Based on the assembled sequence data, the isolates were found to be likely representatives of the Bt serovars kurstaki (ST 8), pakistani (ST 550), toumanoffi (ST 240), israelensis (ST 16), thuringiensis (ST 10), entomocidus (ST 239), and finitimus (ST 171). In cases where multiple isolates occurred within a predicted serovar, pesticidal protein profiles were found to be identical, despite the geographic diversity of the isolates. As expected, the dDDH values calculated for pairwise comparisons of the isolates and their apparent corresponding Bt serovar type strains were quite high (> 98%), however dDDH comparisons of the isolates with other serovar type strains were often surprisingly low (< 70%) and suggest unrecognized taxa within Bt and the Bacillus cereus sensu lato.

Peer Review reports


Bacillus thuringiensis (Bt) is a Gram-positive spore forming bacterium that is best known for its use in the management of certain types of insects. The factors responsible for the insecticidal activity of Bt are typically crystalline pesticidal proteins that are produced by the bacteria upon sporulation [1], and it is these protein crystals that are the defining feature of Bt as a species. Here we describe the genomic sequencing and assembly of fourteen Bt isolates which were screened for activity against the Asian citrus psyllid (Diaphorina citri); the results of those assays will be presented in a separate report. These soil isolates were from an extensive collection of Bts from around the world that were characterized entirely on basis of biochemical phenotype and crystal morphology [2]. As the collection is largely uncharacterized genetically, isolates were chosen to represent a diversity of biochemical traits, crystal morphologies, and geographic sources (see Additional file 1). Geographically, the fourteen isolates represented seven states from within the US, as well as Norway, Nepal, Argentina, and Vietnam.

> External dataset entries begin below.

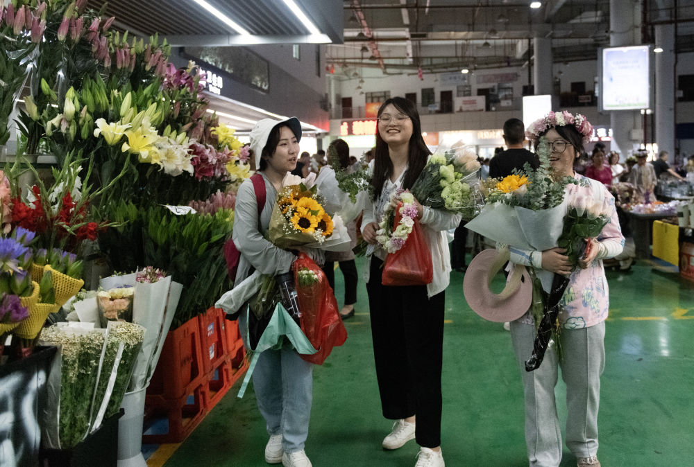 2023年7月13日,遊客在昆明斗南花卉市場內購買鮮花。
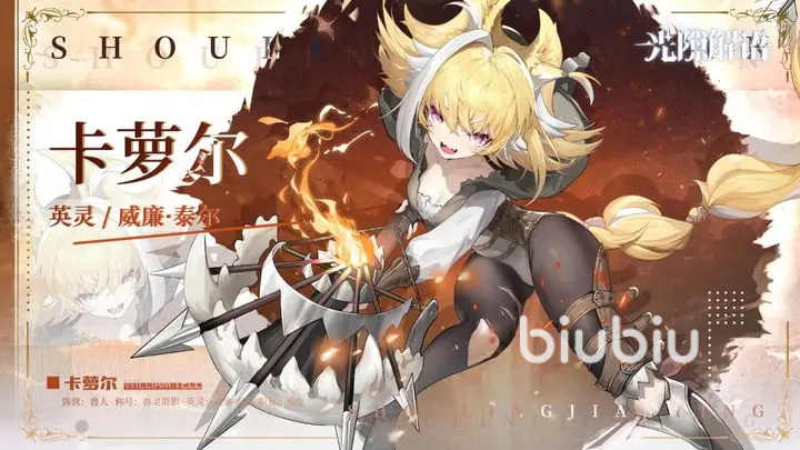 卡萝尔是兽人阵营的群上输出英雄,能迅速进行大范围的伤害,具有点燃的特性,能给敌方英雄在开局就大幅降低血量。1技能”分裂射击”,对一列敌方目标造成高额物理伤害,技能升级还能大幅提高伤害效果。2技能”燃烧兽夹”,给目标附加2层“点燃”,该目标行动后失去血量,后续有额外概率再附加1层。3技能“狩猎天赋”,攻击力和血量提高。4技能“埋伏”,战斗初始给随机的2名目标添加“点燃”,每回合有几率给随机的1名敌方单位附加该效果,升级后提升概率,附加的人数也增加。
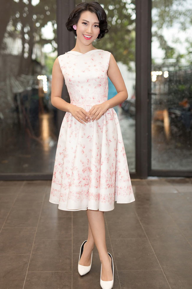 Hoàng Oanh trông như một quý bà U50 với kiểu tóc ngắn uốn phồng. Người đẹp dường như cũng chẳng có một đôi giày cho thật vừa vặn để đi
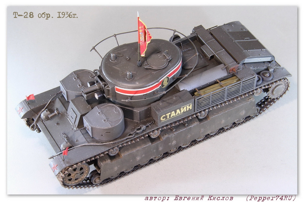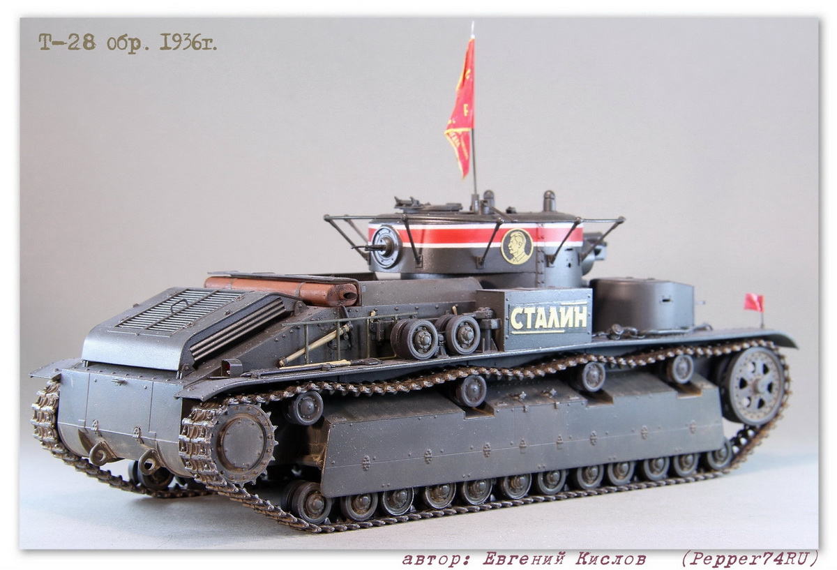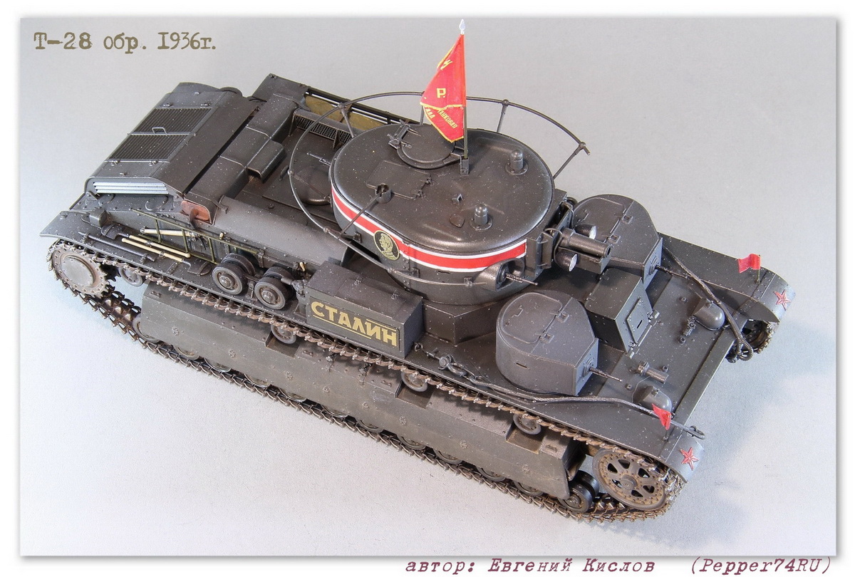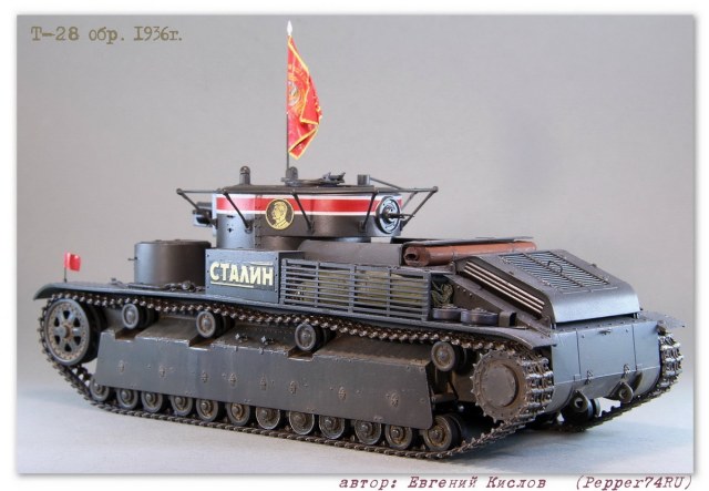 Именной танк Т-28 «Сталин» (выпуск 1936г.), в парадной окраске 7 ноября 1938г. Т-28 (1936 г.) - трёхбашенный советский средний танк межвоенного периода. вооружение - 76.2-мм КТ-28, 4-5 пулемётов ДТ. Осенью 1935 года в СКБ-2 начались работы по созданию «скоростной машины Т-28». Планировалось улучшить скоростные и манёвренные качества танка за счёт переконструирования бортового редуктора и коробки передач. После необходимых доработок в мае 1936 года комиссия под председательством командира 6-й тяжёлой танковой бригады полковника Лизюкова провела испытания «скоростной машины Т-28 «Сталин», заводской № С-910». Удалось поднять скорость танка до 56 км/ч по шоссе и 46 км/ч по рокаде. С июня по декабрь 1936 года в рамках изготовления серийных танков было изготовлено 52 машины. Для постройки данного прототипа, пришлось немного дорабатывать модель т.к. не всё соответствовало прототипу: - переделал буксировочные проушины - Частично заменил заклёпки и болты а также добавил недостающие - изготовил новые талрепы - сделал скатку и лестницу - заменил ствол пушки на точёный Из дополнений использовал: болты, заклёпки (Master Club), фототравление (ACE), Ствол пушки, (Magic-Models) Это уже второй Т-28 «Сталин», в этот раз учёл некоторые косяки котроые не были устранены на прошлой модели, в связи с нехваткой информации. А также был учтён момент с цветом, в этот раз использовал цвет серо-зелёный 3Б (ZIPmaket) В данный момент, модель заняла почётное место в коллекции моего друга

We used the genome assemblies to identify the pesticidal proteins the isolates are predicted to produce, determined their multilocus sequence types within the Bacillus cereus sensu lato, and predicted the placement of the isolates within the classical Bt serovar classification scheme. Finally, we used a whole genome alignment method to better assess the genetic distances between the isolates and the Bt serovars they represent.

Materials and methods

The isolates were grown for 8 h in 20 ml of Luria broth on an orbital shaker at 30˚ C and 200 rpm. Genomic DNA was extracted from bacterial cell pellets using Qiagen’s Purgene Yeast/Bacteria Kit B according to the manufacturer’s gram-positive bacteria protocol. DNA concentrations were determined with a QuantiFluor™-ST Fluorometer (Promega, Madison, WI) using the QuantiFluor™ dsDNA System protocol.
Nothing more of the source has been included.